La “gravedad del incumplimiento de las obligaciones” solo es posible valorarla en un procedimiento ordinario y no con la actual redacción de los artículos 557 y 695 de la Ley de Enjuiciamiento Civil.

Además, que el juzgado de instancia tenga que instar la ejecución en base a una resolución de la Audiencia Provincial basada en la gravedad del incumplimiento de obligaciones supone una incongruencia extrapetita porque no se podría basar en la cláusula abusiva y nula, sino en otra causa que se alegue por la parte ejecutante, y que esté contenida en la norma nacional a la que se remite siempre el Tribunal de Justicia de la Unión Europea y que no existe en España en la ejecución hipotecaria.

Como la norma nacional no establece en nuestro país otro supuesto de incumplimiento grave (al margen de la cláusula de vencimiento anticipado por impago) que los artículos 1124 y 1129 del Código Civil, y éstos no forman parte de los requisitos de orden público procesal para la ejecución hipotecaria, la ejecución hipotecaria no es posible, solo la vía del procedimiento ordinario. 

Y en cualquier caso, debemos tener en consideración que el principio de efectividad en la protección del consumidor da lugar a que el juzgador en todo caso deba comprobar que el ejecutante no haya incurrido en otro incumplimiento grave de sus obligaciones, en virtud del principio de reciprocidad, como el incumplimiento del Real Decreto-ley 6/2012, de 9 de marzo de Código de Buenas Prácticas.

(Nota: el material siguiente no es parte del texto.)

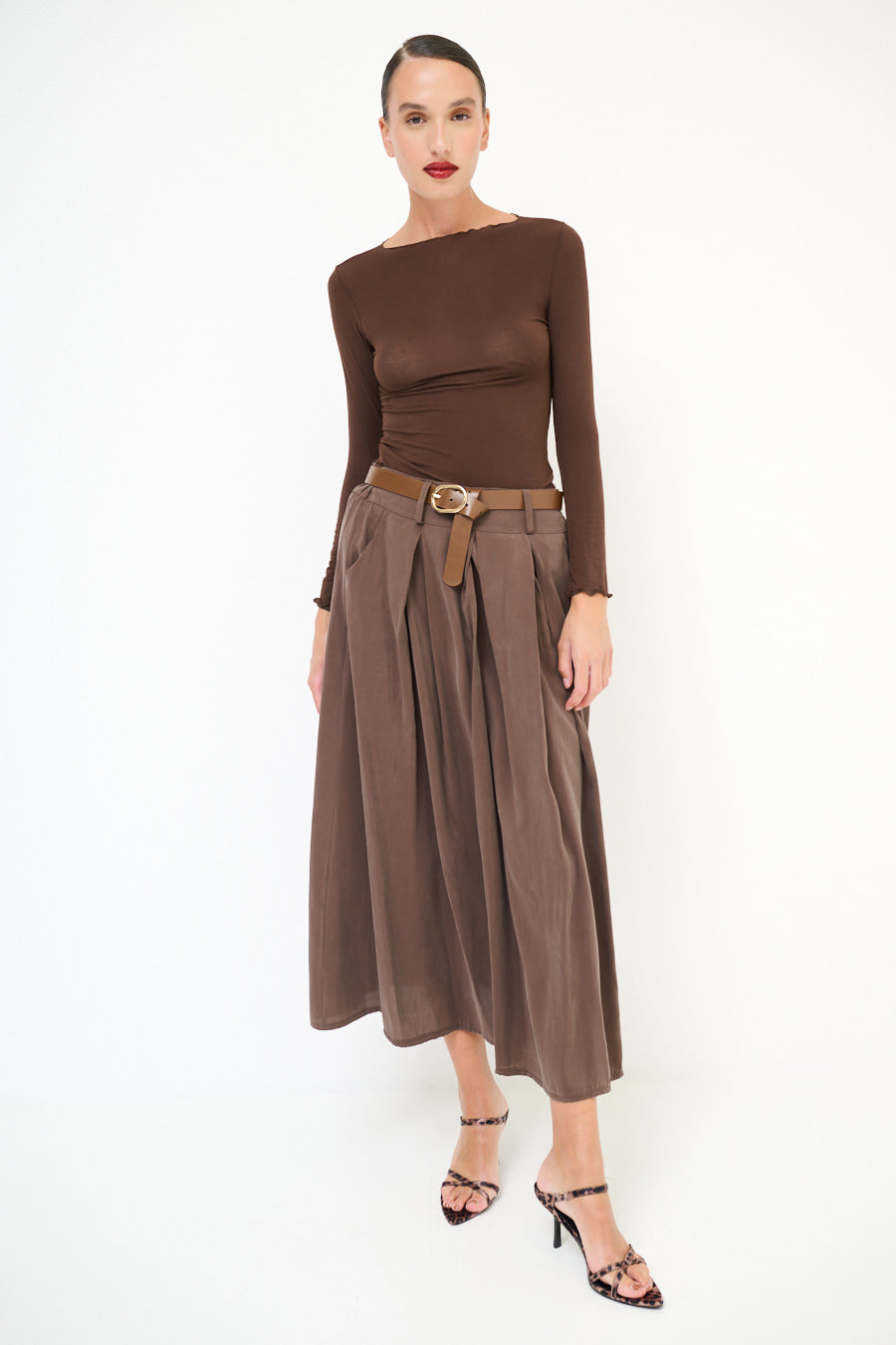 Ρέοντας MIDI φούστα με πλακόστρωτο όγκο χονδρική πώληση
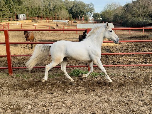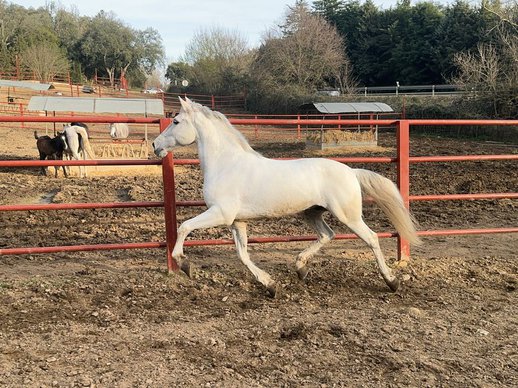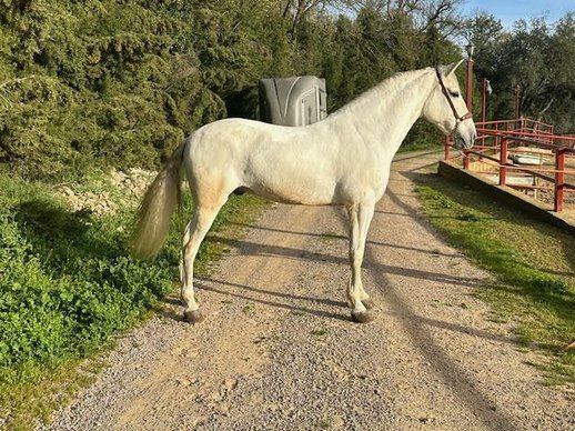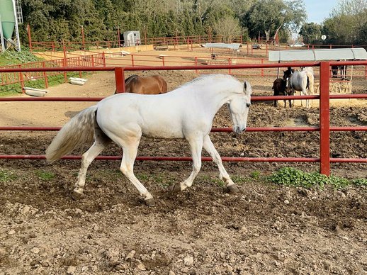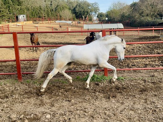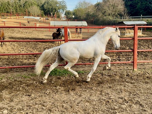 Er wird 8 Jahre alt. Er bewahrt die wahre Essenz der alten andalusischen Pferde. Perfektes Körperexterieur und hohe Bewegungen.
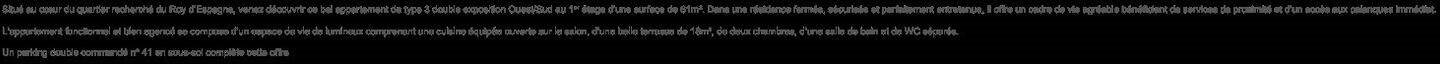 Situé au cœur du quartier recherché du Roy d'Espagne, venez découvrir ce bel appartement de type 3 double exposition Ouest/Sud au 1er étage d'une surface de 61mètres carrés. Dans une résidence fermée, sécurisée et parfaitement entretenue, il offre un cadre ...
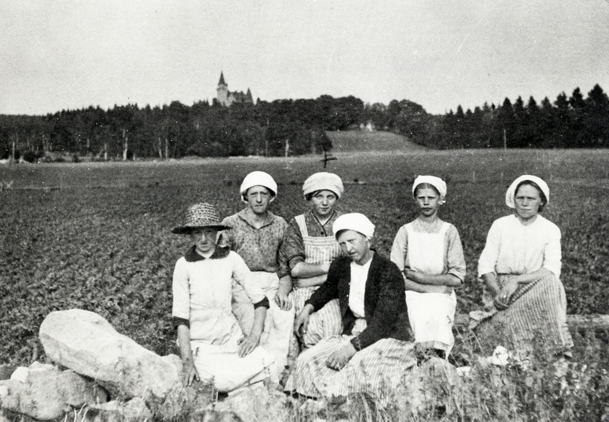 Några unga kvinnor gallrar rovor på åkrarna vid Teleborgs slott. Ca 1920.

UN AUTO CONFUSO EN SU REDACCIÓN

Por otro lado, puesto en relación este auto con la sentencia del Tribunal de Justicia de la Unión Europea de 26 de marzo de 2019, asuntos acumulados C-70/17 y C-179/17, cuya vista se celebró el día antes, si se declara la abusividad de la cláusula de vencimiento anticipado por impago de cuotas, ¿qué sentido tiene preguntarle al consumidor si quiere que continúe la ejecución o no cuando pueden desde la Audiencia Provincial obligar al juzgador a instar la ejecución por incumplimiento grave de las obligaciones salvo que éstas deriven de una sentencia dictada en un procedimiento declarativo ordinario?

Y la interpretación de «¿incumplimiento grave de las obligaciones» no es un concepto que excede del ámbito funcional de la ejecución? Nos encontraríamos ante una nulidad de actuaciones por falta de competencia funcional ejecutar contratos por incumplimiento grave de obligaciones que no se han determinado previamente en un procedimiento ordinario.

En este caso, en la práctica estamos convirtiendo el procedimiento de ejecución en un proceso  declarativo pero con muchas menos garantías procesales para la parte más débil, el consumidor, cuando lo que debería hacerse es lo contrario, que es a lo que se refiere el auto del TJUE.

En definitiva, el auto del Tribunal de Justicia de la Unión Europea resulta tan confuso en su redacción como la sentencia de 26 de marzo de 2019,  y como los juzgadores españoles no pueden interpretar, y mucho menos aplicar en estos términos, les recomiendo que en caso de duda vuelvan a instar la cuestión  prejudicial porque creo que no se le han proporcionado al Tribunal de Justicia de la Unión Europea las informaciones que precisaba para hacer una interpretación en Derecho como es debida.

Señores legisladores: ¿no sería mejor derogar la ejecución hipotecaria y pasar todo al procedimiento ordinario más garantista para todos como están haciendo en la práctica ya muchas entidades bancarias?